From: Andrea Corallo
Subject: bug#50268: 28.0.50; Assertion warning during native compilation
Date: Tue, 21 Sep 2021 07:50:35 +0000
User-agent: Gnus/5.13 (Gnus v5.13) Emacs/28.0.50 (gnu/linux)

Andrea Corallo via "Bug reports for GNU Emacs, the Swiss army knife of
text editors" <bug-gnu-emacs@gnu.org> writes:

> Michael Welsh Duggan <mwd@md5i.com> writes:
>
>> I was able to determine that there was a bug in the pacproxy.el code
>> that I included in the bug report.  Fixing that bug caused native
>> compilation to work.  The assertion and backtrace were not particularly
>> useful in determining the bug in the code, though.  The bug was in the
>> `pacproxy--retrieve-wpad' function when I let-bound the following
>> illegal lambda:
>>
>>   (lambda (&rest) "DIRECT")
>>
>> The fix was to change this to:
>>
>>   (lambda (&rest _) "DIRECT")
>>
>> Is there another part of the compiler that could have caught this and
>> returned a useful diagnostic?
>
> Hi Michael & all,
>
> I had a quick look and these are my findings:
>
> (byte-compile '(lambda (&rest _) "DIRECT"))
> =>
> #[128 "\300\207" ["DIRECT"] 2 "DIRECT
>
> (fn &rest _)"]
>
> Here we have as encoded signature 128 (one rest arg) and the frame size
> is 2 (one for the rest arg and one for the immediate).
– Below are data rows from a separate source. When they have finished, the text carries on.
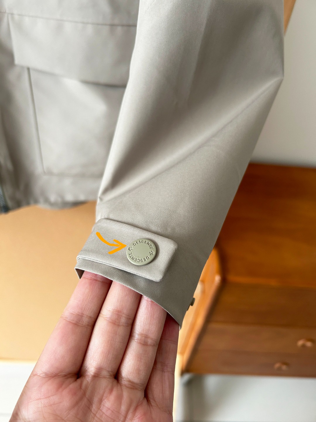 单独袖子前后做了不同的拼接,袖口两颗扣子的收紧处理!!
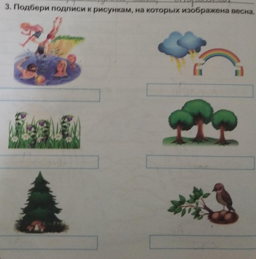 3. Подбери подписи к рисункам, на которых изображена весна. Задание 1 класса))) По ОНМ
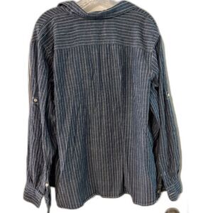 Lauren Jeans Co Shirt 2X Women's Blue White Pinstripe Lng Slve Business Casual
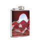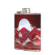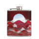 aménagement paysager Abstrait dans différentes nuances de rouge avec une lune, des collines, des arbres, des nuages et des oiseaux.
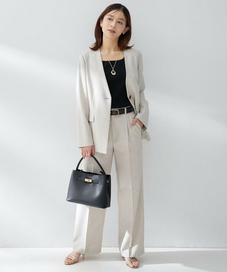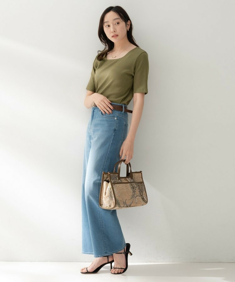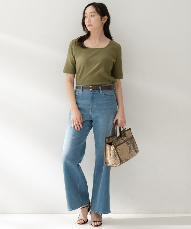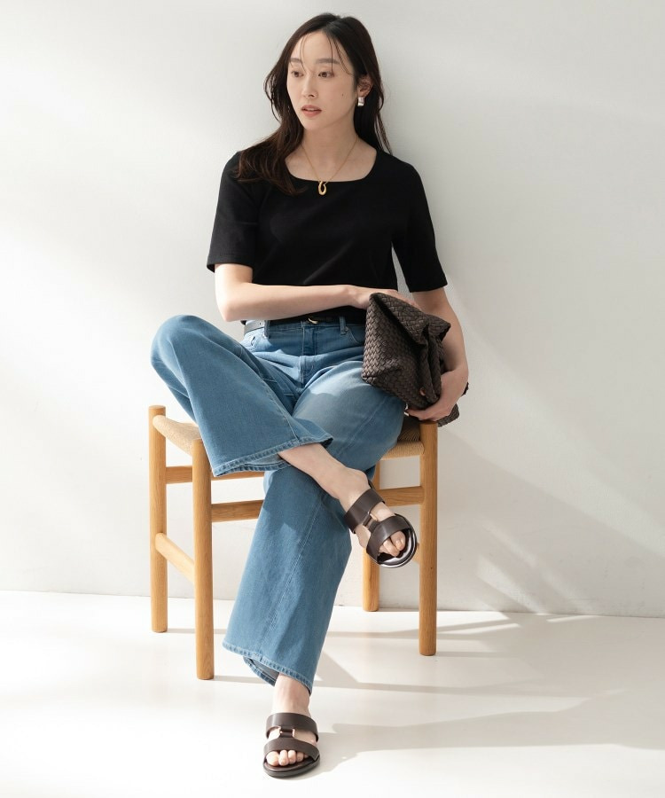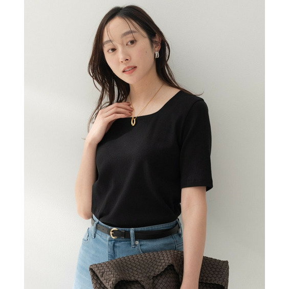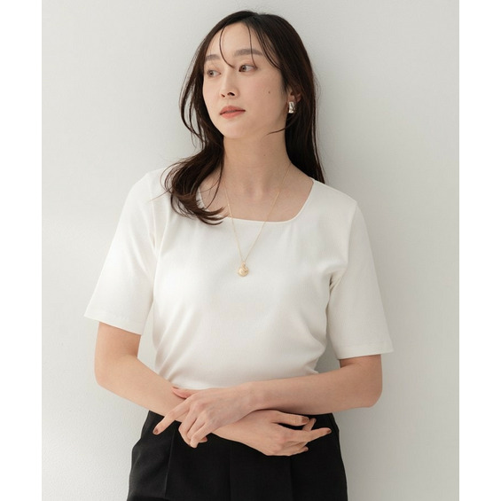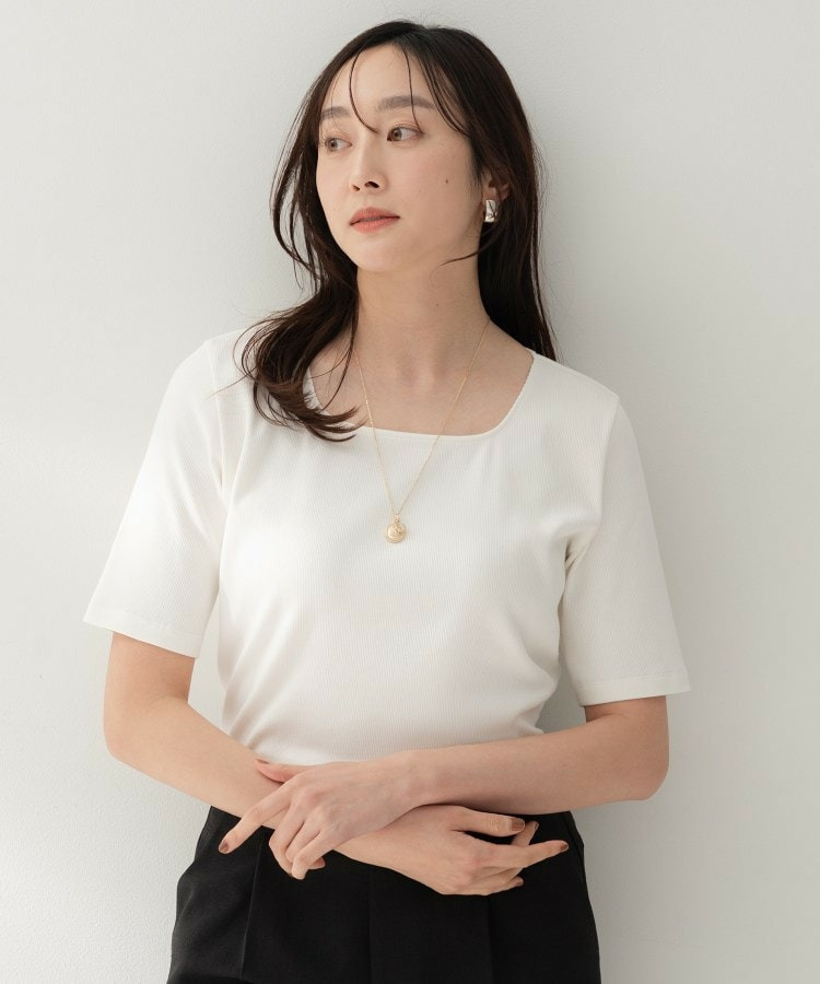 デコルテを美しく見せるスクエアネックは、女性らしさを際立たせつつも知的なムードを演出します。

Fine...
>
> (byte-compile '(lambda () "DIRECT"))
> =>
> #[0 "\300\207" ["DIRECT"] 1 "DIRECT"] 
>
> Here we have as encoded signature 0 (no args) and the frame size is 1
> (will be used by the immediate).  Fine as well.
>
> (byte-compile '(lambda (&rest) "DIRECT"))
> =>
> #[128 "\300\207" ["DIRECT"] 1 "DIRECT
>
> (fn &rest)"]
>
> This is the problematic case that was signaled as reproducer.  Here we
> have as encoded signature 128 (one rest arg) but the frame size (1) is
> not accounting for this.
>
> I think this output is a incoherent and I guess the byte compiler should
> probably just raise an error and refuse to compile if the lambda list is
> invalid.  Am I wrong?

I can't verify in this moment but I guess is very possible we even
overflow in the byte interpreter when executing the mentioned bytecode.